## Work instruction
The answer should hold only the lines from the one containing "Pure copper Buddha" through the one containing "Amzcw Sparkly Blue" in the entries below, copied exactly, without pictures.

## Available data
▬▬▬▬▬▬▬▬▬▬
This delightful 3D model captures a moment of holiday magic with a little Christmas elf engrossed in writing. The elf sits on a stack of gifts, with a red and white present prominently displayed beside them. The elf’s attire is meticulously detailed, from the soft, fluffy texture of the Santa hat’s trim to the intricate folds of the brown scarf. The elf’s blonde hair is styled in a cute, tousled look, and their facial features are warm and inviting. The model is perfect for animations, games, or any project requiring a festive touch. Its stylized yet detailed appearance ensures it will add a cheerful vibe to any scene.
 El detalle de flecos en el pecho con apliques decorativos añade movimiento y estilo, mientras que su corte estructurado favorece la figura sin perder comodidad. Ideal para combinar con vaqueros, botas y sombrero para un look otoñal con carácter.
▬▬▬▬▬▬▬▬▬▬
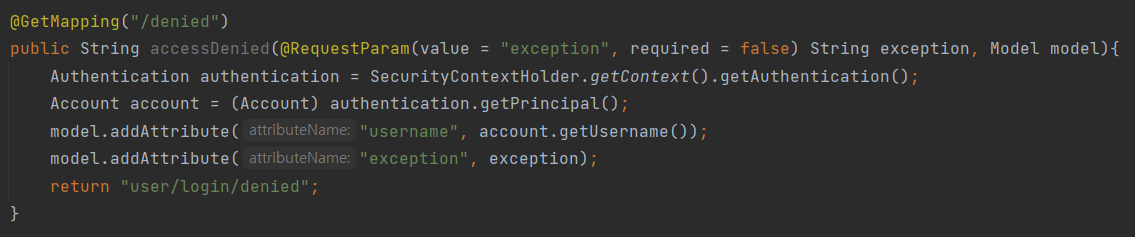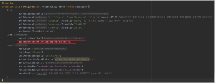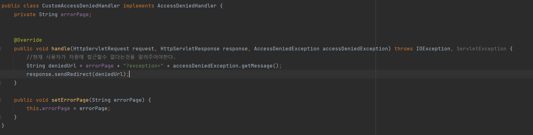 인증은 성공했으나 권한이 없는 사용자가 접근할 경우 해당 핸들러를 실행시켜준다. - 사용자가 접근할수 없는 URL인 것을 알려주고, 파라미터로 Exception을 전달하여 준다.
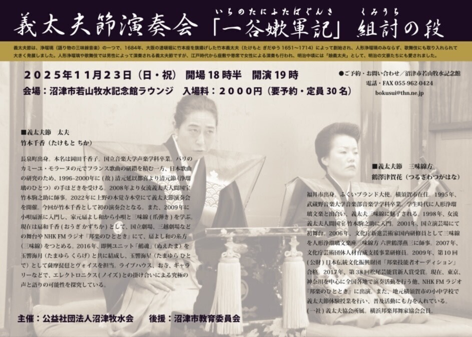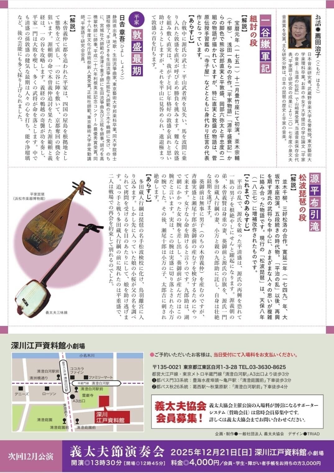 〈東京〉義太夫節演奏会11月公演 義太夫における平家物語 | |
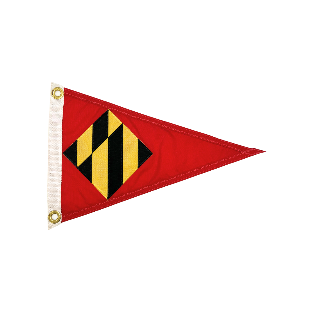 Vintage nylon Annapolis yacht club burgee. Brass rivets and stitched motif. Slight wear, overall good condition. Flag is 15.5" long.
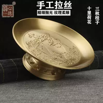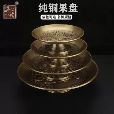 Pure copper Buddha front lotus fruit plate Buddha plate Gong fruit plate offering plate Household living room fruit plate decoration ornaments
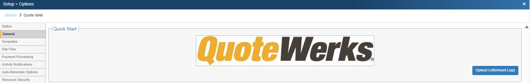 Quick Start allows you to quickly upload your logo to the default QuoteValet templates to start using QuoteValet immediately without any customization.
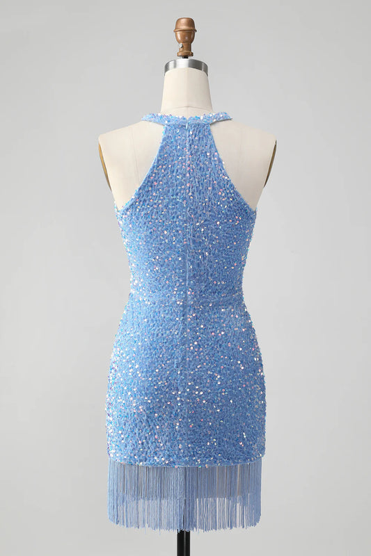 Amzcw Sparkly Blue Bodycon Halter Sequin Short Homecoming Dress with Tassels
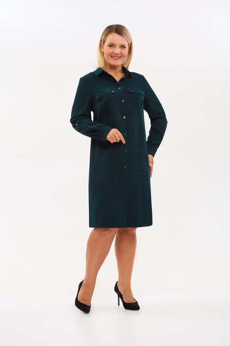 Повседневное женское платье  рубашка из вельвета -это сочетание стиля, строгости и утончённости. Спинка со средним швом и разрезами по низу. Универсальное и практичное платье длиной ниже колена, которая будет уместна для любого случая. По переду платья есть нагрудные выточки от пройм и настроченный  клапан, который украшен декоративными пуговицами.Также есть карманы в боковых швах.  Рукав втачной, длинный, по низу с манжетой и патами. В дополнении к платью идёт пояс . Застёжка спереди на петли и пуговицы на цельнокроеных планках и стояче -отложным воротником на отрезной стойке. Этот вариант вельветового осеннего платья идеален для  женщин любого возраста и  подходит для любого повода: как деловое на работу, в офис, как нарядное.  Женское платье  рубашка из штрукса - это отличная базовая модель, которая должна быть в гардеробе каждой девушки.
▬▬▬▬▬▬▬▬▬▬
## Solution for this exercise
 Pure copper Buddha front lotus fruit plate Buddha plate Gong fruit plate offering plate Household living room fruit plate decoration ornaments
 Quick Start allows you to quickly upload your logo to the default QuoteValet templates to start using QuoteValet immediately without any customization.
 Amzcw Sparkly Blue Bodycon Halter Sequin Short Homecoming Dress with Tassels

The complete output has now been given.